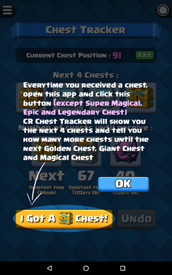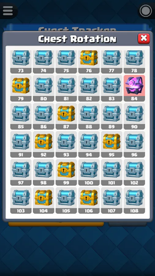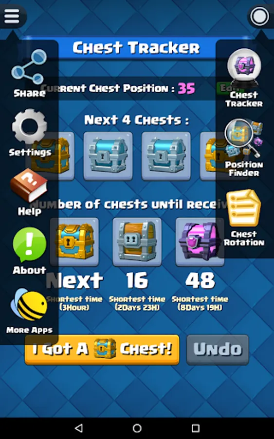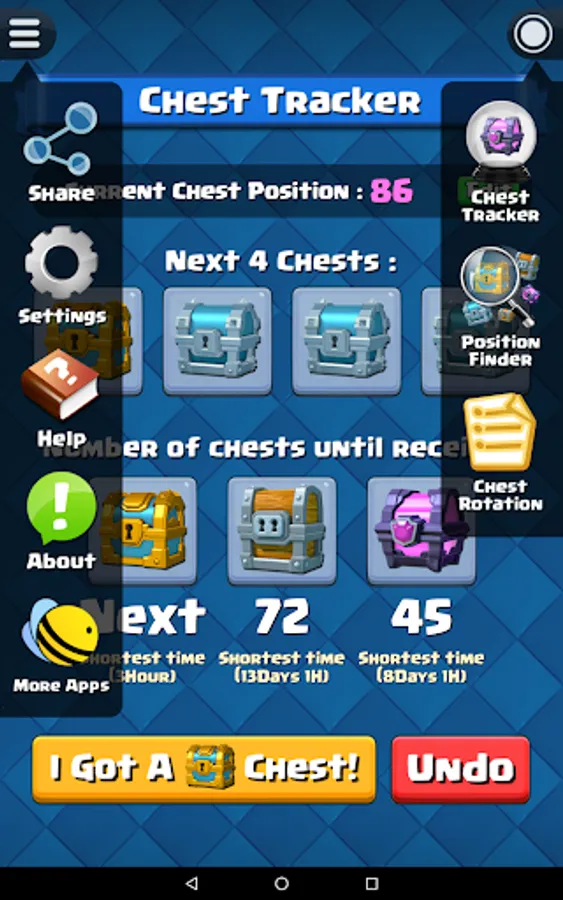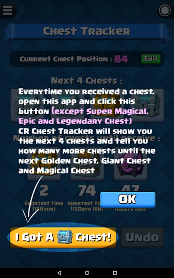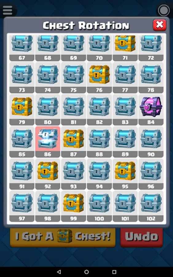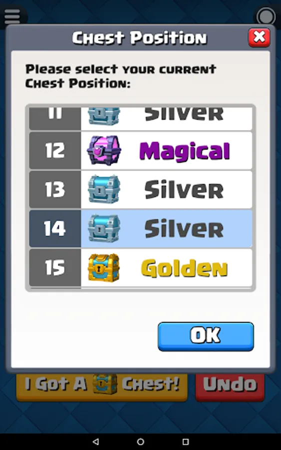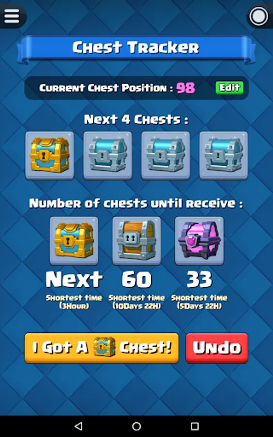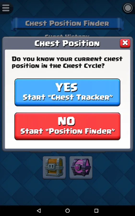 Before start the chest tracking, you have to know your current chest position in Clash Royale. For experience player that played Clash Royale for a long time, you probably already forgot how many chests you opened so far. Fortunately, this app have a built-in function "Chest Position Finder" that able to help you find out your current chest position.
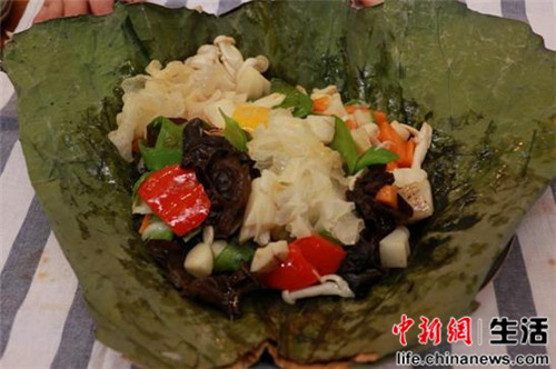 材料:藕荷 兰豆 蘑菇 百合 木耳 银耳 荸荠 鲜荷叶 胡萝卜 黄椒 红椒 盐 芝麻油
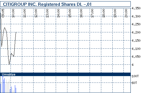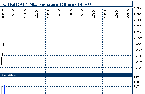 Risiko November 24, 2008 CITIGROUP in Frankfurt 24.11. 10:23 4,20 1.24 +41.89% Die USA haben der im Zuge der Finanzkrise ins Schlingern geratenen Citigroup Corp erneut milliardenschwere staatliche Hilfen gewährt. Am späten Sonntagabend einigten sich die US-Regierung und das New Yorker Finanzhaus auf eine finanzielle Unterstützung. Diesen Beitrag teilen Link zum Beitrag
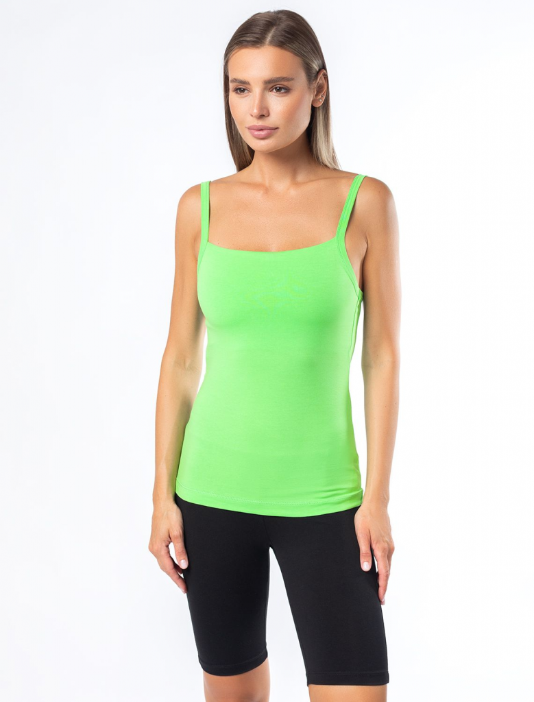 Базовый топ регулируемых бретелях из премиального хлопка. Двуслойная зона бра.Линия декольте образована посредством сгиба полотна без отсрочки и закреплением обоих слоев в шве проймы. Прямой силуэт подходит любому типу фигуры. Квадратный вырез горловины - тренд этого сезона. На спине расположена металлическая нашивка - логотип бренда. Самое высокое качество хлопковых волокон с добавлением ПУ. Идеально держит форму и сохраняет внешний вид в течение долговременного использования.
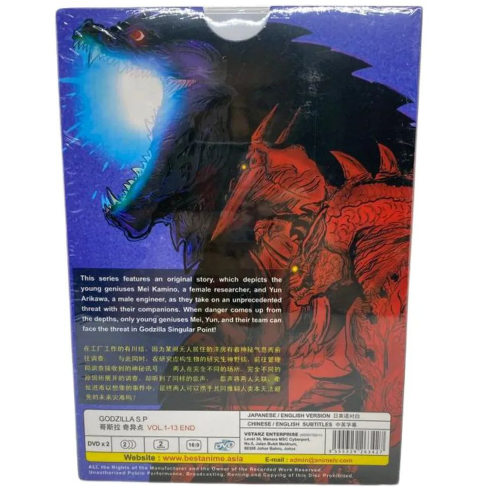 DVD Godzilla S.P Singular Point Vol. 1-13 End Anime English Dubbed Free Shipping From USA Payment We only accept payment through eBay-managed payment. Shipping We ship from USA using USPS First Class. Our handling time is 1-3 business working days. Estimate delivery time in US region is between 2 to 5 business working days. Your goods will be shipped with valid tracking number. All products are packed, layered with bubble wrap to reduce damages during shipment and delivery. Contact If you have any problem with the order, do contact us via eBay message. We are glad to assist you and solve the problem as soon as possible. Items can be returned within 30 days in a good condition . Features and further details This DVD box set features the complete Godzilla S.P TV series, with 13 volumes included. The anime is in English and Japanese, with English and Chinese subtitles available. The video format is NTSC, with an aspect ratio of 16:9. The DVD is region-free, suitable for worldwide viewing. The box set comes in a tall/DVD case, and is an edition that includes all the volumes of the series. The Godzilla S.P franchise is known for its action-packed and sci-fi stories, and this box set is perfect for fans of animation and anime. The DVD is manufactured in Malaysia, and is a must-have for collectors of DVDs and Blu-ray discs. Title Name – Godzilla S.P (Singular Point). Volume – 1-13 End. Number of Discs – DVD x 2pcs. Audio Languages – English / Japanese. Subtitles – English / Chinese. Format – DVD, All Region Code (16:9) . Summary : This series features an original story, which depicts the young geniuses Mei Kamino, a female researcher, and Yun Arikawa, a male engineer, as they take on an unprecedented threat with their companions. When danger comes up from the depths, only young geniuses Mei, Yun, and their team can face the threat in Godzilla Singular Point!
* * * * * * *
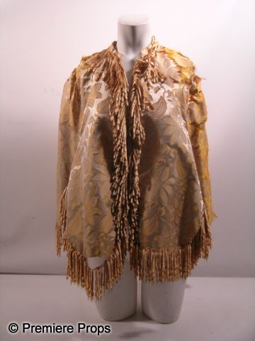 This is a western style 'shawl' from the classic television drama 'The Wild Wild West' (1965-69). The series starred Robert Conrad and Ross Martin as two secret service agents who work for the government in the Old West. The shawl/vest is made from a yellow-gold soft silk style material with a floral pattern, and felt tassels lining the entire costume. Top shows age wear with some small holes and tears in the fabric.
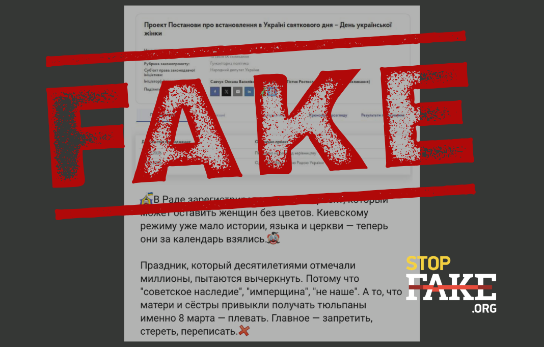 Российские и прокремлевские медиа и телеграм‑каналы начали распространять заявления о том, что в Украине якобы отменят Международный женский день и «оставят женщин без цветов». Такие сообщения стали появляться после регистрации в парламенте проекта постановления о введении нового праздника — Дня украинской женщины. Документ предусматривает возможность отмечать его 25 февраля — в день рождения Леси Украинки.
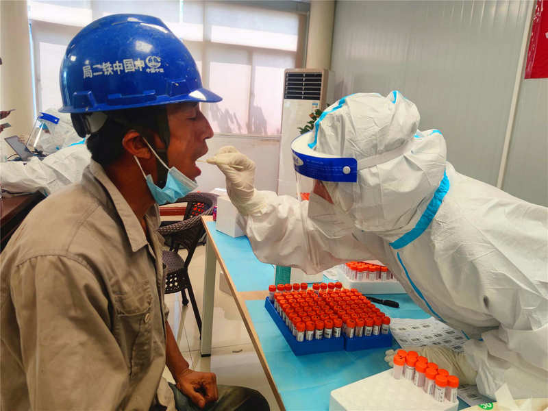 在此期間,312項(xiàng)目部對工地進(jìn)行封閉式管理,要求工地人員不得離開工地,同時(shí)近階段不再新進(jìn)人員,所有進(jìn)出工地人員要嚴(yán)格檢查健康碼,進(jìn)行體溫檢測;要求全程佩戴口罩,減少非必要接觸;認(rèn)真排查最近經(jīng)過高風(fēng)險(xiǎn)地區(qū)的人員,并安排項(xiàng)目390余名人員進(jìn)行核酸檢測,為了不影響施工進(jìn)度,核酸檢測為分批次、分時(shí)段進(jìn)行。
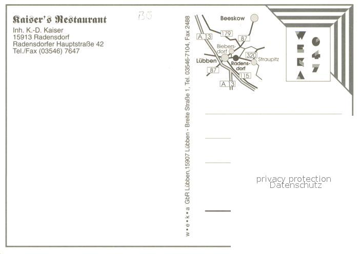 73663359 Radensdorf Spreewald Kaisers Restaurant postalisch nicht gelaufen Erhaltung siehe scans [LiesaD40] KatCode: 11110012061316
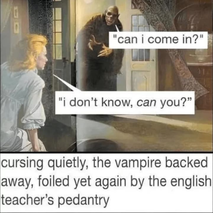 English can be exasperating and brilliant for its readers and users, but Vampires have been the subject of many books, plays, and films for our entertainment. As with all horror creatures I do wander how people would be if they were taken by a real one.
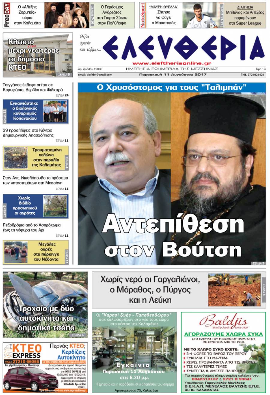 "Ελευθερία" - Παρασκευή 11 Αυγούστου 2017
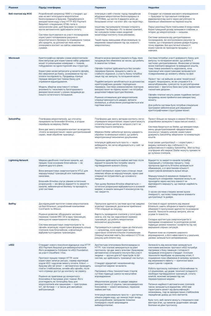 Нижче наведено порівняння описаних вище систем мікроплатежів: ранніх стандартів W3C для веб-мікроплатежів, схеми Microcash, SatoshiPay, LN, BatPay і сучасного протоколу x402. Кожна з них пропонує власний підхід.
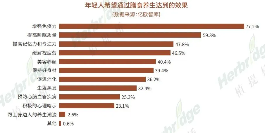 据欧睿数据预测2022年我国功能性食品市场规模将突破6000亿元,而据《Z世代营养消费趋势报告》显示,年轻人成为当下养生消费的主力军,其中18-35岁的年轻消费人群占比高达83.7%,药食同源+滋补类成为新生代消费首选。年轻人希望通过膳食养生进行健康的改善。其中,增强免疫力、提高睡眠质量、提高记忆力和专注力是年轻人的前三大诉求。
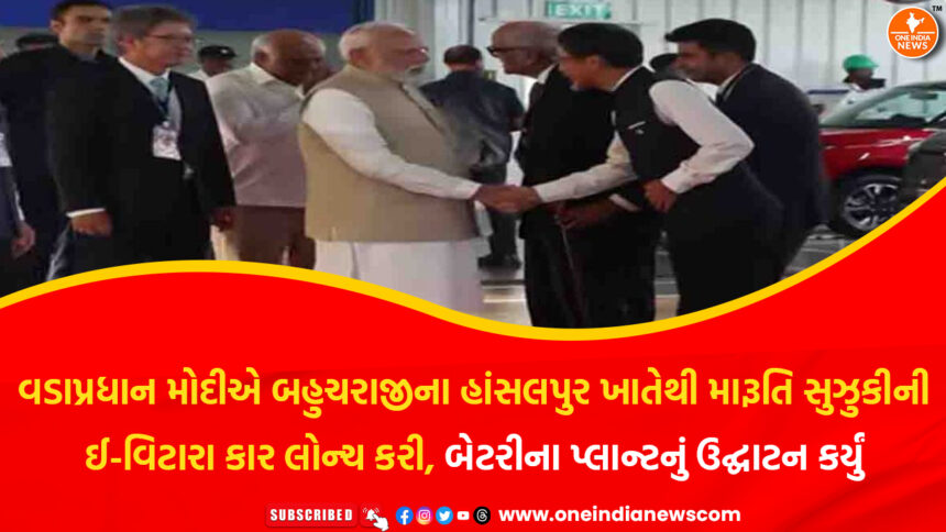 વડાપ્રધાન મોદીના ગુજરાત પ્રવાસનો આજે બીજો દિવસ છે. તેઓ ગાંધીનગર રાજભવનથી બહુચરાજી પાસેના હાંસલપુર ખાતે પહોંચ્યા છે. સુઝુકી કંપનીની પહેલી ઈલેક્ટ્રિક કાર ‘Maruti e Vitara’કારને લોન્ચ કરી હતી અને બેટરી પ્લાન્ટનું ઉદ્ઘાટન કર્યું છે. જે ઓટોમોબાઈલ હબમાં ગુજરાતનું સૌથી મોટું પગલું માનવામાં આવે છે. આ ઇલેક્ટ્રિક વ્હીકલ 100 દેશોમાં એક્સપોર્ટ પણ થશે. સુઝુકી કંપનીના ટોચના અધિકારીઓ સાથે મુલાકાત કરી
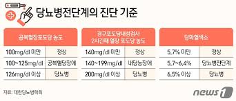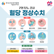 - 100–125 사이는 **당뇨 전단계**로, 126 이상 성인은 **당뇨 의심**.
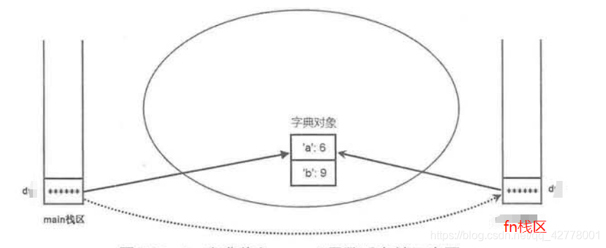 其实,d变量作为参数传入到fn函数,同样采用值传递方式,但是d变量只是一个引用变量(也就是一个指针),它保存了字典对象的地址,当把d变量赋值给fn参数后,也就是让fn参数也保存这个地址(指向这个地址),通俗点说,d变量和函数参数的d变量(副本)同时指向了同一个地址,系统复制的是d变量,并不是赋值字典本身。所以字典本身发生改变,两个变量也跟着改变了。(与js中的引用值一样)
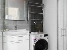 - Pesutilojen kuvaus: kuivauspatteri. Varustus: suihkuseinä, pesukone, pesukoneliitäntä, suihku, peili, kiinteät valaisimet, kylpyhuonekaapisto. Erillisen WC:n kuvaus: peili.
* * * * * * *
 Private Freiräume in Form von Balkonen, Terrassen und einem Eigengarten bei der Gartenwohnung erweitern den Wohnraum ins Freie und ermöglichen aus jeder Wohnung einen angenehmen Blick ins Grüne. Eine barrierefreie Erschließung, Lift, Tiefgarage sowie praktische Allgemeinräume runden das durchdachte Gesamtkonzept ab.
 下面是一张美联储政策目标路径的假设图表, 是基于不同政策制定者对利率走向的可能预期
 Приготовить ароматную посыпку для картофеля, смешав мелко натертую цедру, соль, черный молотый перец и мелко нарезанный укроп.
* * * * * * *
# [What to do]
Above are some entries; copy exactly the lines from the line with "Before start the" through the line with "Базовый топ регулируемых", both included, but none of the pictures.

# [Written answer]
 Before start the chest tracking, you have to know your current chest position in Clash Royale. For experience player that played Clash Royale for a long time, you probably already forgot how many chests you opened so far. Fortunately, this app have a built-in function "Chest Position Finder" that able to help you find out your current chest position.
 材料:藕荷 兰豆 蘑菇 百合 木耳 银耳 荸荠 鲜荷叶 胡萝卜 黄椒 红椒 盐 芝麻油
 Risiko November 24, 2008 CITIGROUP in Frankfurt 24.11. 10:23 4,20 1.24 +41.89% Die USA haben der im Zuge der Finanzkrise ins Schlingern geratenen Citigroup Corp erneut milliardenschwere staatliche Hilfen gewährt. Am späten Sonntagabend einigten sich die US-Regierung und das New Yorker Finanzhaus auf eine finanzielle Unterstützung. Diesen Beitrag teilen Link zum Beitrag
 Базовый топ регулируемых бретелях из премиального хлопка. Двуслойная зона бра.Линия декольте образована посредством сгиба полотна без отсрочки и закреплением обоих слоев в шве проймы. Прямой силуэт подходит любому типу фигуры. Квадратный вырез горловины - тренд этого сезона. На спине расположена металлическая нашивка - логотип бренда. Самое высокое качество хлопковых волокон с добавлением ПУ. Идеально держит форму и сохраняет внешний вид в течение долговременного использования.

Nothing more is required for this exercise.